━━━ Records for processing ━━━

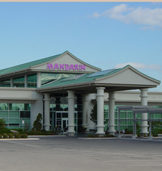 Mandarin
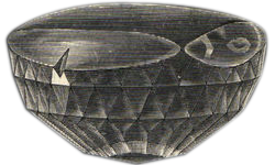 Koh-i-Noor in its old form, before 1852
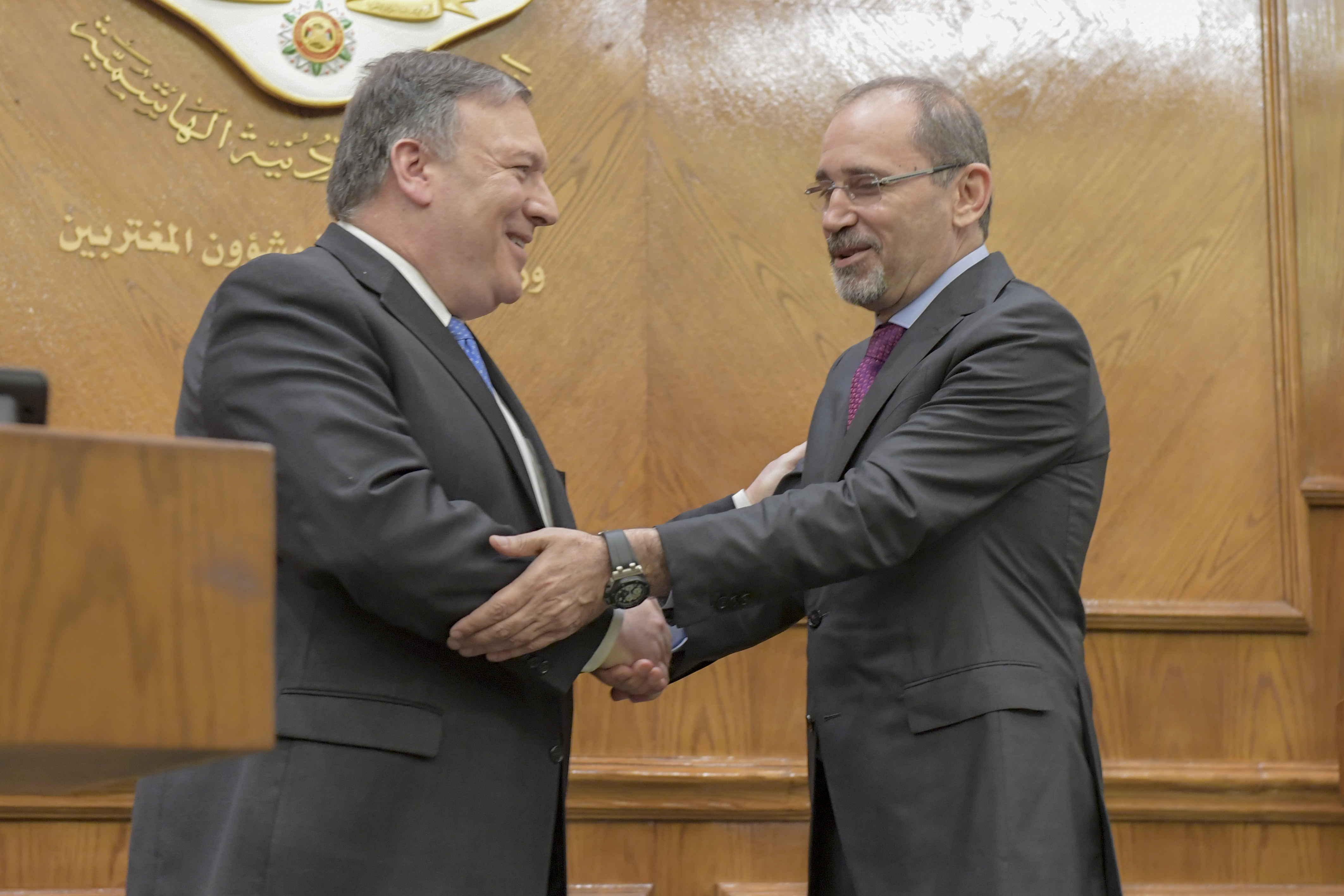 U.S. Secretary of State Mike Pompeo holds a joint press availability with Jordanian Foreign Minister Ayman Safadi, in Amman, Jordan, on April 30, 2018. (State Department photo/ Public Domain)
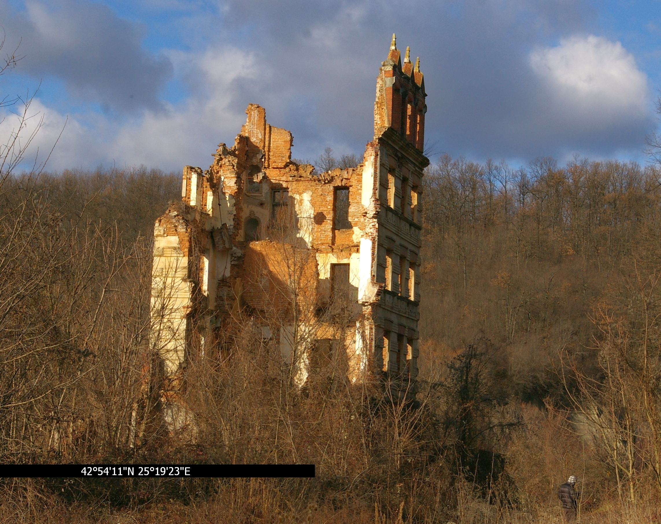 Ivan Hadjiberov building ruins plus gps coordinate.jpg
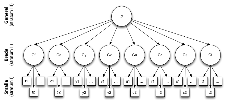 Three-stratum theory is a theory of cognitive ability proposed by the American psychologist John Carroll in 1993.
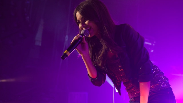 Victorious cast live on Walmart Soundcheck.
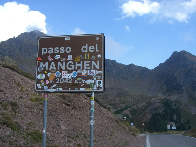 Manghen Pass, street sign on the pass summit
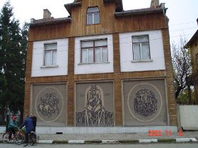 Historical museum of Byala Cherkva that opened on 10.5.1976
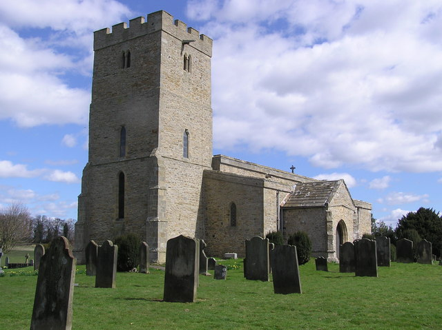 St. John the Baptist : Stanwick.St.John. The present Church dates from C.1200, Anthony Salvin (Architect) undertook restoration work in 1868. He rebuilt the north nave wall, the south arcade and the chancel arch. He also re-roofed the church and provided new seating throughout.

━━━

§ **Work instructions**
Your copy of the entries must be exact and must contain no pictures.

§ **Answer section**
 Mandarin
 Koh-i-Noor in its old form, before 1852
 U.S. Secretary of State Mike Pompeo holds a joint press availability with Jordanian Foreign Minister Ayman Safadi, in Amman, Jordan, on April 30, 2018. (State Department photo/ Public Domain)
 Ivan Hadjiberov building ruins plus gps coordinate.jpg
 Three-stratum theory is a theory of cognitive ability proposed by the American psychologist John Carroll in 1993.
 Victorious cast live on Walmart Soundcheck.
 Manghen Pass, street sign on the pass summit
 Historical museum of Byala Cherkva that opened on 10.5.1976
 St. John the Baptist : Stanwick.St.John. The present Church dates from C.1200, Anthony Salvin (Architect) undertook restoration work in 1868. He rebuilt the north nave wall, the south arcade and the chancel arch. He also re-roofed the church and provided new seating throughout.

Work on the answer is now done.